Might be that I'm totally wrong, but I think that as long as you're trying to consider

1. Incrementing haystack by 1-bit.

an important primary op, there's something wrong.

I'd basically try to first find out how the needle would need to be shifted in order to match the char_aligned haystack, and leave the haystack as it is - always.

My somewhat naive approach would be to start with building the set of 256 possible 'needle heads' (going for char operations all over). A 'needle head' could be say 8 chars long (or some other convenient value).

Then, look for the occurences of the needle_heads within haystack. For each needle_head, you know the offset (needed shift) associated with it. (Yes, that means 256 searches instead of 1, but it still might be better than shift-ing things around for every next bit-position.)

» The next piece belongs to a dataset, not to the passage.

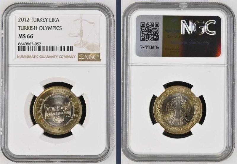 NGC MS 66 2012 1 Lira Türkçe Olimpiyatlar en yuksek seviyede derecelendirilmiştir.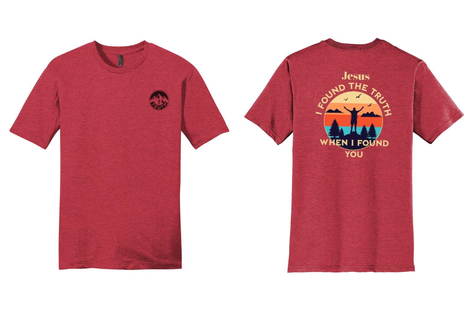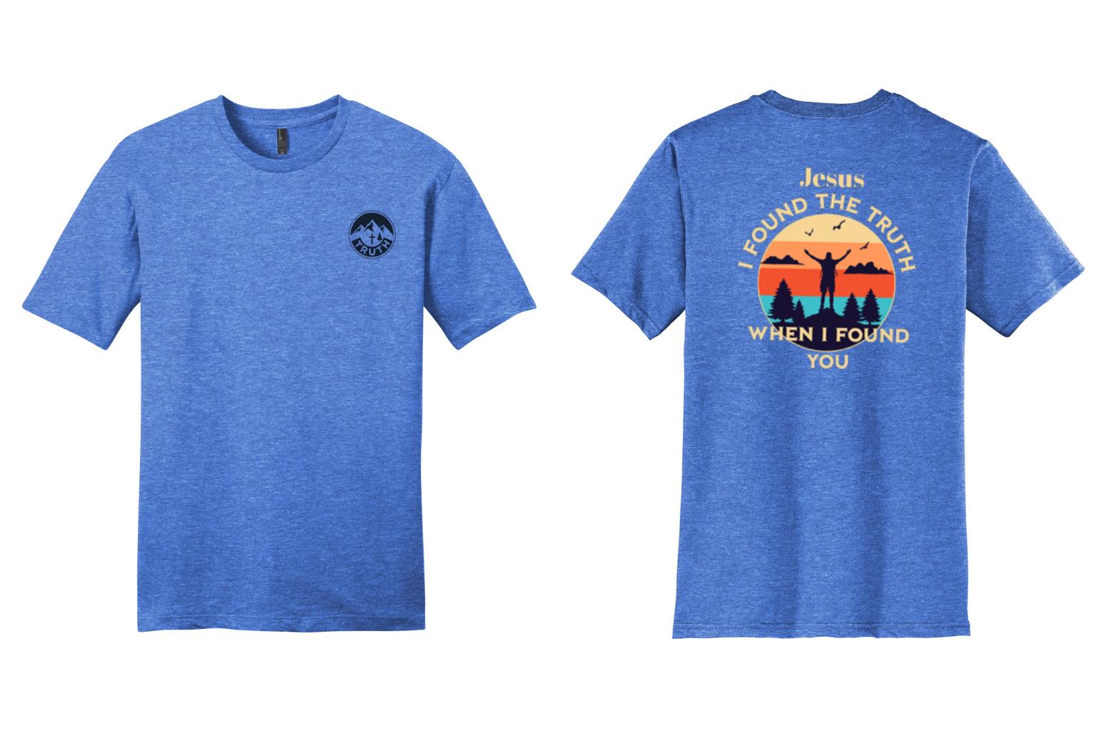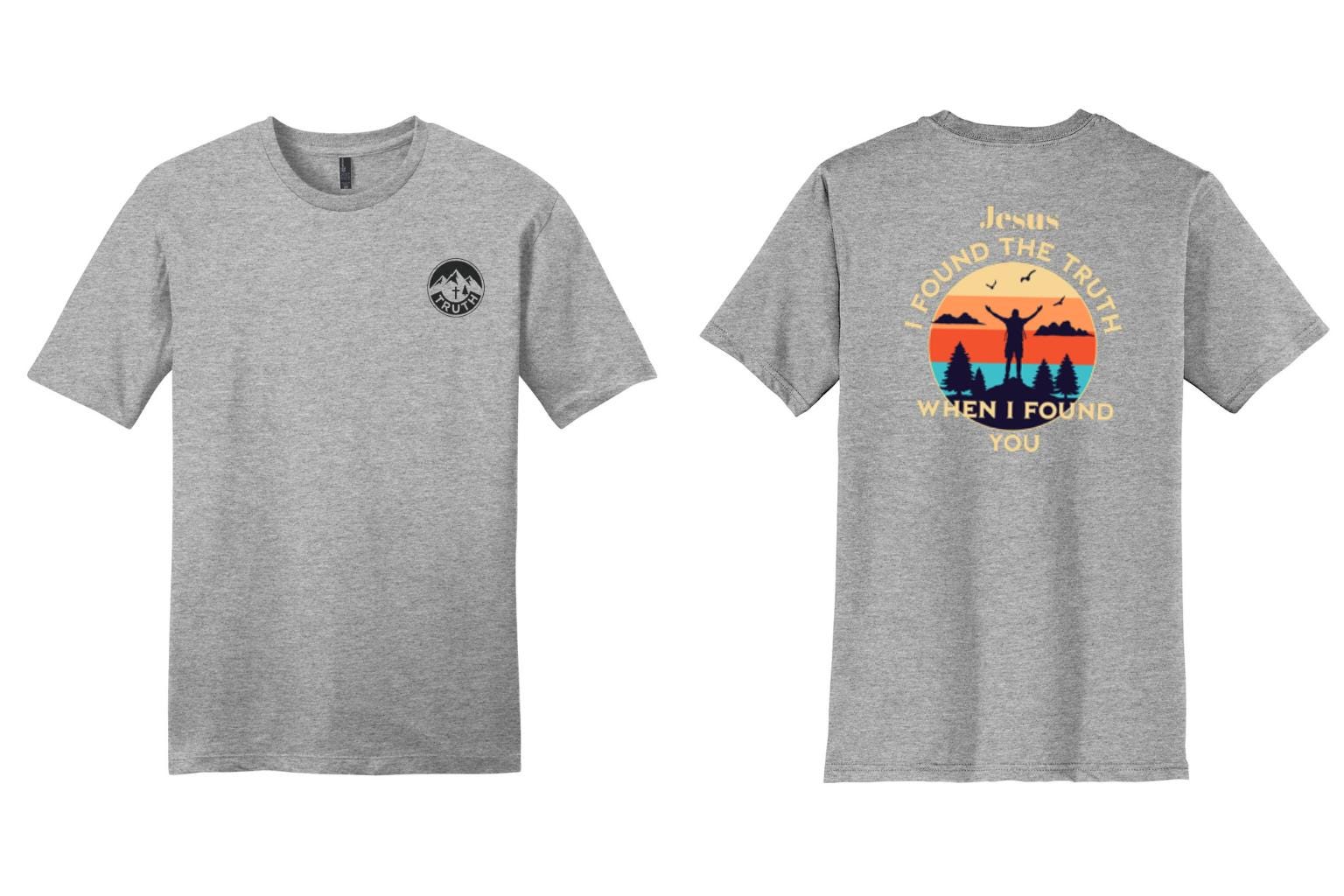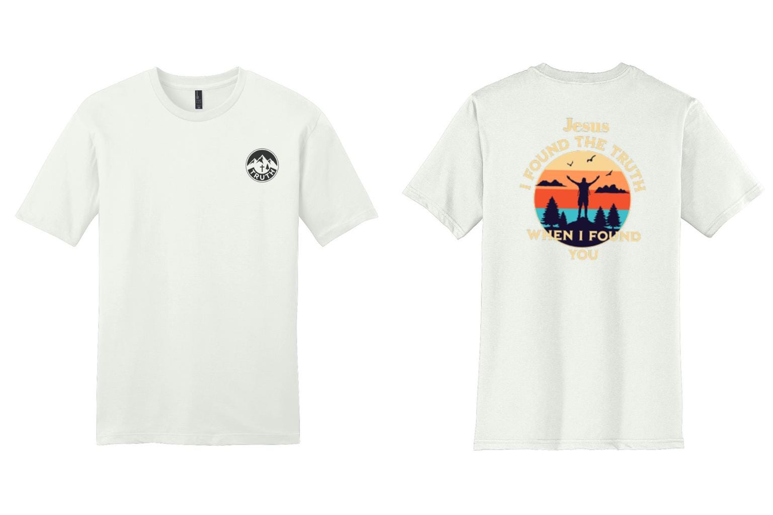 Statement Back Graphic: A vibrant, retro-inspired sunset silhouette centered around the message: "Jesus: I found the truth when I found you."

If needlehead is found, go on with a full, char-wise compare, with haystack's chars untouched and every next needle-char obtained via a proper shift from the next two chars of the needle.

End of string is bit-masked as needed to comply with the known offset.

Maybe you've tried something like that already?

Krambambuli
---
• Comment on Re^5: [OT] The interesting problem of comparing bit-strings. (More info.)

Replies are listed 'Best First'.
by BrowserUk (Pope) on Mar 25, 2015 at 13:34 UTC
Might be that I'm totally wrong, but I think that as long as you're trying to consider 1. Incrementing haystack by 1-bit. an important primary op, there's something wrong.

Sorry. I should have pointed out that Incrementing haystack by 1-bit isn't quite what it sounds like.

I used the expression to match up to the strstr() implementation I posted.

When in that algorithm they increment the haystack pointer (char*), so as to compare the needle at the next byte offset, I need to effectively increment the haystack by 1 bit.

What that actually entails is a single machine code instruction that shifts 1 64-bit register left by one bit whilst bringing in a new bit from another 64-bit register containing the (preloaded) next (to the right) quad from the haystack.

That's the __shiftleft128() intrinsic which is implemented as a single shld instruction.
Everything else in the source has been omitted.